Life goes by so fast
You only want to do what you think is right
Close your eyes and it's past
Story of my life.

Social Distortion


I'll do all of us a favor and keep this brief…….

1969

I'm born in March, man walks on the moon in July, Woodstock in August, Ho Chi Minh dies in September, Jack Kerouac dies in October. People everywhere are feeling groovy. Nixon resumes bombing in 'Nam.

1970

I wet myself several times a day.

1971

I stop wetting myself.

1972

My main goal in life is to play as much as possible. (These beginning years are boring. It gets better.)

1973

I start to read and write, much to the credit of my older sister who would make me play "school" with her. She would also pretend she was a nun and beat me if I misbehaved.

1974

I start kindergarten in a Catholic school. At school, I pray daily for candy.

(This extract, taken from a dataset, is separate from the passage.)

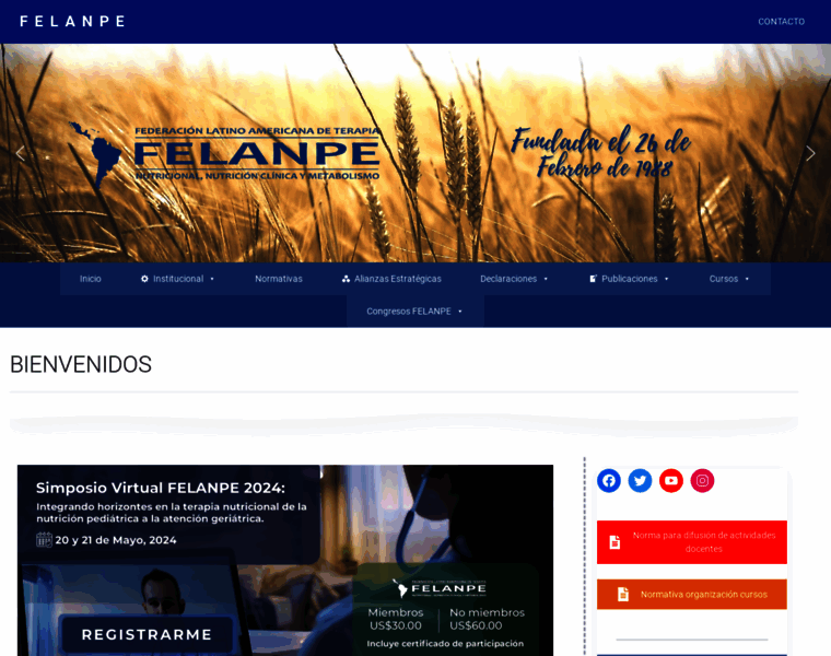 Promoviendo el conocimiento y la innovación en nutrición clínicaComprometidos con la ética y la excelencia en la terapia nutricionalInnovando en terapia nutricional: resultados que marcan la diferencia Diapositiva anterior Diapositiva siguiente Liderando la nutrición clínica desde 1988 SOBRE FELANPE 01 Comisión Directiva 03 Acta Constitutiva 01 Reglamentos 05 Estatuto Social 05 Sociedades 06 Normativas CURSOS

Dad becomes one of the youngest Chrysler-Plymouth dealers in the country. Woo-hoo!

1975

Mom and Dad join a country club. Mom puts me in a leisure suit. Dad's makin' some good cash.

1976

My oldest brother graduates high school and goes away to college. I miss him a lot. I grow tired of all the Bicentennial bullshit and am thankful I'll be dead in the year 2076.

1977

I make my First Holy Communion like the good little Catholic boy that I am, I mean, was.

1978

Mom and Dad fight a lot. I notice Dad starts drinking more around the house. My other brother graduates and goes away to college. I miss him, too.

1979

Dad loses the car dealership. I'm still not clear on the reason why. Dad has trouble finding a job. He drinks a lot.

1980

Dad goes from dealership to dealership, job to job, but always eventually gets fired. It's a scary time for me and my older sister. Dad drinks a lot.

1981

Mom and Dad buy a cocktail lounge in suburbia. Dad drinks for free a lot.

1982

Dad drinks a lot. Dad's an alcoholic. NOTE: This site is NOT the trials and tribulations of an adult child of an alcoholic. However, it could very well be the trials and tribulations of an adult child. *wink* *wink*

1983

Dad drinks, Mom cries, they fight a lot. I start high school, at an all boys Catholic school.

1984

My sister graduates high school, but doesn't go away to college, all the time I wish she would go away. Dad still drinks. The cocktail lounge isn't doing too well. It's making money, but drunken Dad spends it as fast as he makes it.

1985

More of the same: drinking, fighting, crying. I'm blowing saxophone in the school jazz band.

1986

Senior year of high school. I meet Diane in December. We fall in love. Dad is still drinking.

1987

I graduate high school. July: Mom and brother #2 have Dad admitted into detox for a month. Extremely tough time for all of us. Dad is finally sober. I start college at a shitty local college.

1988

My grandfather dies. First person that I was really close to to die. Tough time for me. Still dating Diane. We talk of marriage. Dad still sober.

1989

Dad remains sober. I hate college, and am not doing too well in school.

1990

I turn 21 and drink heavily. Still dating Diane.

1991

Diane cheats on me with a 37 year old man who is the manager of the restaurant where she waitresses part-time. I take it hard. She tells me she doesn't love me anymore. We split. Her loss. I graduate college with a BS in accounting (yawn). Now what do I do? I start a job at the local municipality administering delinquent sewage collection--the low point of my life.

1992

 Meet Amy. Fall in love instantly. She sets my heart a-flutter (or something like that). Dad sells the cocktail lounge. Still sober.

1993

Amy displays first signs of being a loving bitch. I overlook it in the name of love. Amy and I speak of marriage. Mom has the 16 year old family dog put to sleep. I wait a month and buy another.

1994

 Still with Amy and delinquent sewage. Talk of matrimony continues.

1995

Same as 1994, pretty much.

1996

In January, I begin graduate coursework towards a master in public management degree at one of the country's top schools (really). We begin to make wedding plans. Amy begins to act psychotic. I call the wedding off. We stay together, and work things out. October comes and we get engaged. Happiness. Happiness? The next day my grandmother has a stroke and dies a month later. Sadness. Yes, sadness.

1997

Amy acts like a spoiled suburban bitch in the planning of the wedding. July brings wedding bells. The honeymoon ends by the end of the year. I receive my masters degree in December.

1998

 I begin the year questioning my decision to marry Amy. She changes beyond belief, for the worst. I get a really cool job. By August, she leaves and files for divorce a week later. I meet Allyssa. We become friends and date after the wife leaves.

1999

The divorce is final in January. I'm still seeing Allyssa. It has been a very difficult past year, and has taken it's toll on me in a lot of different ways. But I'm doing great. Life is good.